But not a single bird. Nor, now that Rod noticed it, a butterfly.
He wrenched his mind back to business, to suppress a shiver. "Where's this counterweight?"
"We have stepped over it." Magnus pointed behind him. Rod looked down, and saw a metal slab set in the stone; he'd thought it was a threshold to the archway. But now that he looked, he could see it was rust, not just brown stone, and that rings rose from its corners, rings that were fastened to huge links whose chains stretched up on the wall to disappear, over huge sprocket wheels, into the stone above the archway.
Now. Rod shivered.
Magnus was pointing up. " 'Tis so well balanced that the drawbridge doth need but a strong pull to let it down."

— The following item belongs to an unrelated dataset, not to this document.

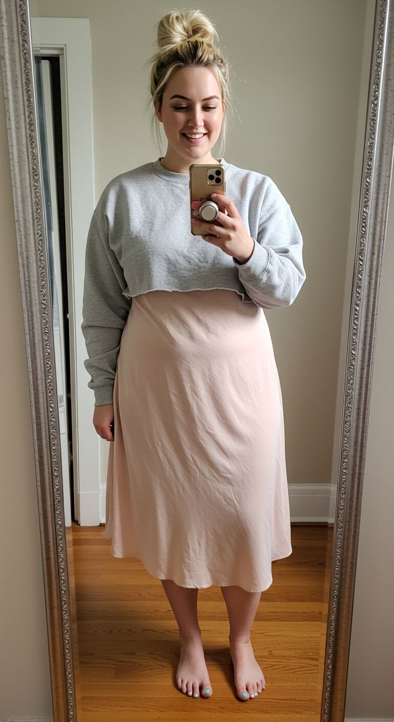 The unexpected fusion of a casual cropped sweatshirt over a fluid slip dress defines this effortlessly chic ensemble. The soft grey of the raw-hemmed top contrasts beautifully with the delicate, blush-toned dress, creating an appealing textural and stylistic blend. This versatile pairing works well for those who appreciate comfort without sacrificing sophistication, making it ideal for a relaxed brunch or a creative workday. The silhouette complements various body types by offering a relaxed fit that still drapes elegantly, emphasizing a modern, understated aesthetic.

"Yeah—but the iron slab goes up then, and everybody coming in or going out has to ride under it."
"True." Magnus frowned, in an abstracted sort of way. "Wherefore did the Count not use iron balls again, and keep the gateway clear?"
"Nice question." And Rod had an answer, which was anything but nice. Not that he was about to say it, of course—and he decided, then and there, that Magnus was never going to touch that bar.
A caroling cry echoed above them.
Rod's head snapped up.
There, atop the gatehouse, perched his two younger sons, with his wife and daughter gliding down in lazy spirals on their broomsticks. He couldn't help noticing, all over again, that Cordelia had a full-sized broomstick now, not just a hearth broom, and wasn't much shorter than her mother any more.
Gwen pulled up beside Rod and hopped off. "Thou wert so long about it that we grew impatient." But he saw the concern in her eyes. "What kept thee?"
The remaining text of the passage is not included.